Energetyka tradycyjna
  Energ. niekonwencjonalna
  Informatyka w energetyce
  Kraj w skrócie
   Świat w skrócie
REDAKCJA     PRENUMERATA     REKLAMA     WSPÓŁPRACA     ARCHIWUM

    SZUKAJ
   
    w powyższe pole
    wpisz szukane słowo


 Aktualności

 

Informacje Numery Numer 08-09/2005

Przedwyborczy pasztet.
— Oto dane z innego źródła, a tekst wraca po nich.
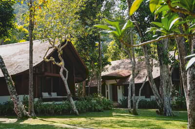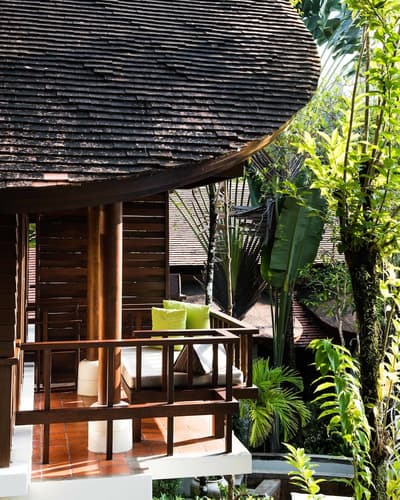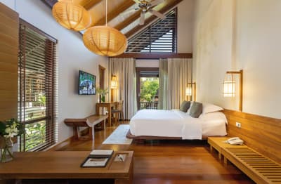 Située à l’étage, elle est idéale pour les couples et baigne dans une atmosphère légère et sereine. Elle profite d’une vue merveilleuse sur la verdure luxuriante et sur le complexe. Son intérieur dispose d’un canapé-lit installé tout près de la fenêtre vitrée. Salle de bain semi-ouverte avec une baignoire en pierre et une douche à effet de pluie.

Minister nie skorzystał... z prawa łaski


Można by zacząć tak jak w typowym nekrologu: 11 sierpnia 2005 r. po długich i ciężkich cierpieniach minister Skarbu Państwa Jacek Socha w przedostatnim miesiącu swojego urzędowania podpisał po 8 miesiącach od parafowania umowę sprzedaży 85% z trzech milionów akcji (o wartości nominalnej 50 zł każda) Zespołu Elektrociepłowni w Łodzi SA.

Wyłoniony w drodze publicznego zaproszenia do rokowań inwestor branżowy Dalkia Polska SA, która ubiegła w tym wyścigu szwedzki koncern Vatenfall, właściciela Elektrociepłowni Warszawskich i Górnośląskiego Zakładu Energetycznego, zapłaciła za kontrolę nad posiadającym kapitały własne liczące 816,5 mln zł i przychody ze sprzedaży na poziomie 702,3 mln zł netto przedsiębiorstwem 900 mln 22 tys. 50 zł, choć rząd pierwotnie chciał osiągnąć co najmniej 1 mld zł. Na osłodę pozostało to, że nowy właściciel zadeklarował, iż w ciągu najbliższych czterech lat wdroży program inwestycyjny w rzeczowe aktywa trwałe w kwocie nie mniejszej niż 272,1 mln zł.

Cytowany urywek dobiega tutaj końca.